Репутация Земмельвейса, отстаивавшего то, что считали ветхими, отжившими своё и достойными только старух представлениями о причинах родильной горячки, покатилась в определённых кругах вниз. Он потерял место. Попытался устроиться туда и сюда. Открыл частную практику, женился, сам обзавёлся детьми – до того его во многом сдерживал ужас стать причиной смерти любимой женщины.
Тем временем к аналогичным выводам уже пришли отдельные врачи из Британии и США. И тем не менее многие и многие светила Европы травили Земмельвейса и шельмовали его, что не способствовало душевному здоровью. Он начал писать не просьбы и предложения, а угрозы. Он обещал ославить видных акушеров Австрии и других стран как убийц. В конце концов он написал обширный доклад, содержащий много точных цифр и фактов, но почти бессвязный сам по себе. Огромную часть доклада составляли обвинения и угрозы в адрес коллег.
Любому было бы понятно, что внедрить таким образом ничего не получится – требуется аккуратное просвещение, привлечение множества сторонников, даже создание движения... Никак не конфликт с признанными авторитетами. Но Игнац не мог остановиться. Он предупреждал о врачах-убийцах уже не только знакомых, но и незнакомцев.
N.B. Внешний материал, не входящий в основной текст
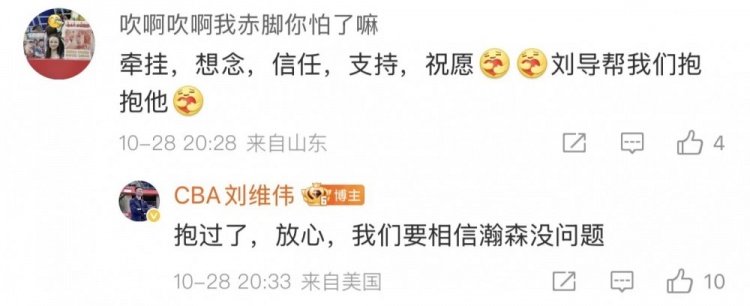 在这条动态下,刘维伟还和网友们进行了一些互动,一名网友表示:“牵挂,想念,信任,支持,祝愿。刘导帮我们抱抱他。”

Всех мужчин, у которых была жена.
В конце концов два знакомых врача привезли Земмельвейса под каким-то предлогом к психиатрической клинике. Увидев здание и поняв, что это, доктор пытался бежать. Его схватили и скрутили ражие санитары. Вместе с ними до самых дверей клиники шла, рыдая, молодая жена доктора с ребёнком на руках. После того, как за Игнацем и санитарами закрылась дверь, она ещё долго стояла перед ней вся в слезах. Потом ушла.
Земмельвейса лечили самыми передовыми научными способами, которые, однако, в психиатрии тогда были не лучше, чем в акушерстве. Его держали связанным, давали слабительное, обливали ледяной водой. А когда он слишком пытался протестовать, настаивая, как врач, на то, что его состояние ухудшается от этих мер – незатейливо били.
В 1977 году был обнаружен протокол вскрытия в городском морге – последнего для Игнаца Земмельвейса. Он выступил объектом процедуры. В протоколе были упомянуты обширные травмы мягких тканей, страшные переломы костей и плеврит, который мог, судя по всему, также иметь причиной жуткое обращение в клинике. Причиной смерти был указан сепсис.